I am trying to model a proportion (or probability), i.e. a continuous variable bounded between 0 and 1 (inclusive) using caret.
In my previous post, I've been told to use a logistic regression (i.e. glm() with family = "binomial).
I would like to use the caret framework with k-fold cross validation.
However, caret doesn't work with the code below, although I have no problem using stats::glm() on its own. The data below is purely for reproducibility.
library(caret)
#> Loading required package: ggplot2
#> Loading required package: lattice
data("USArrests")
#New Data Points with 0 and 100 % urban population
newstate1 <- matrix(c(7, 100, 0, 10),
nrow = 1,
dimnames =
list("New State 1", colnames(USArrests)))
newstate2 <- matrix(c(7, 100, 100, 10),
nrow = 1,
dimnames =
list("New State 2", colnames(USArrests)))
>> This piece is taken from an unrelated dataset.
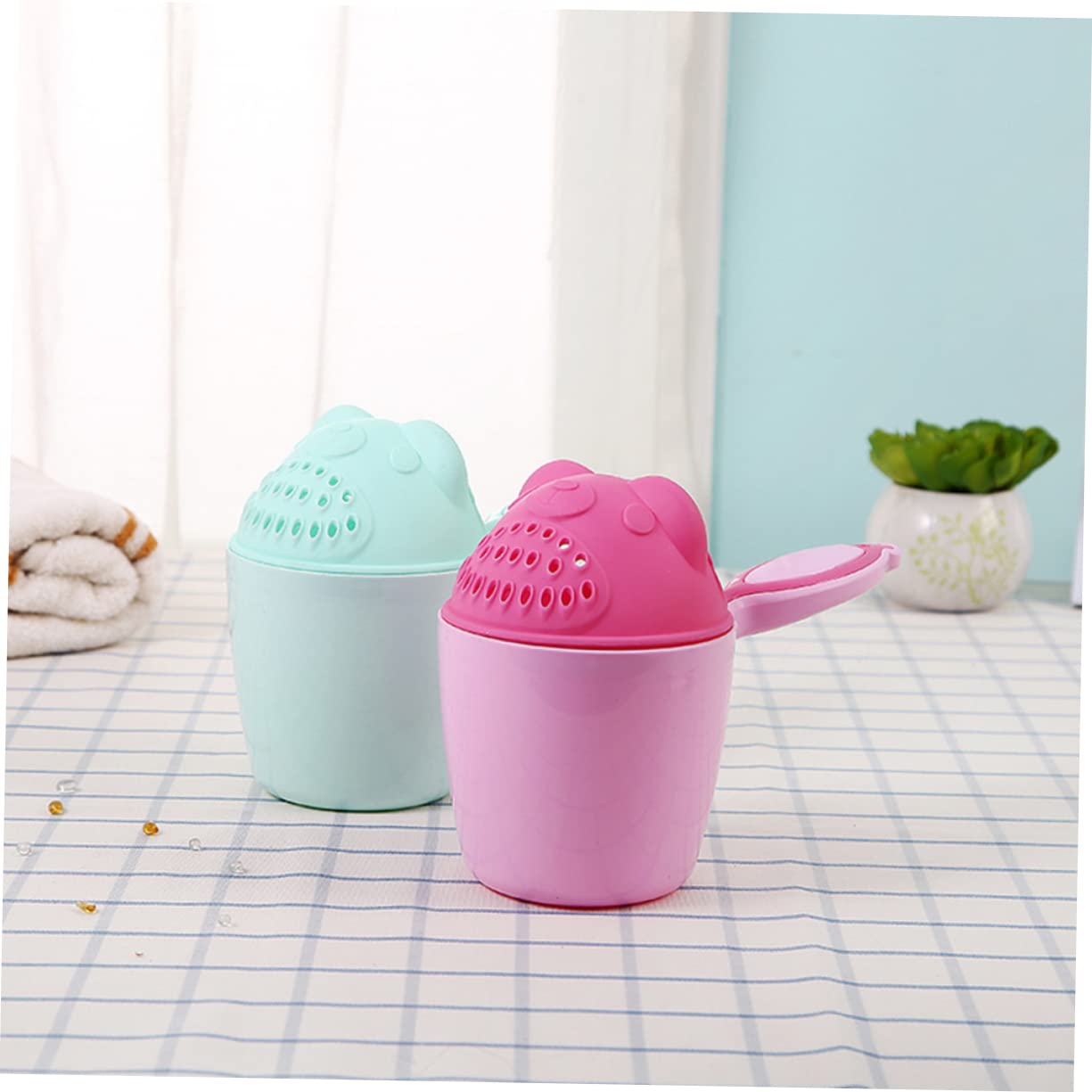 Irrigatore per shampoo: facile da usare, l'acqua scorre direttamente attraverso i capelli del bambino, risciacqua lo shampoo evitando il contatto con gli occhi, misurino per acqua da bagno, cucchiaio per doccia per bambini: materiale plastico resistente, impugnatura comoda, facile da tenere e versare, misurino per acqua da bagno. Tazza per shampoo: il simpatico stile cartone animato può attirare l'attenzione dei bambini e aggiungere più divertimento al bambino. Bollitore per il bagno Bollitore per il bagno: può non solo lavare, ma anche innaffiare fiori, come fiori, cucchiaino, doccia. Tazzina per il risciacquo della vaschetta del bagnetto: con questa tazza puoi sciacquare i capelli del bambino proteggendo il viso e gli occhi. produttore di acqua per il bagno

USArrests <- rbind(USArrests, newstate1, newstate2)
# As a proportion
USArrests$UrbanPop <- USArrests$UrbanPop /100
ctrl <- trainControl(
method = "cv",
number = 5,
classProbs = TRUE
)
train(
formula = UrbanPop ~ .,
data = USArrests,
method = "glm",
family = "binomial",
trControl = ctrl,
metric = "ROC"
)
#> Warning in train.default(x, y, weights = w, ...): cannnot compute class
#> probabilities for regression
#> Error in evalSummaryFunction(y, wts = weights, ctrl = trControl, lev = classLevels, : train()'s use of ROC codes requires class probabilities. See the classProbs option of trainControl()
#the below works:
glm(
formula = UrbanPop ~ .,
data = USArrests,
family = "binomial")
Created on 2024-01-30 with reprex v2.0.2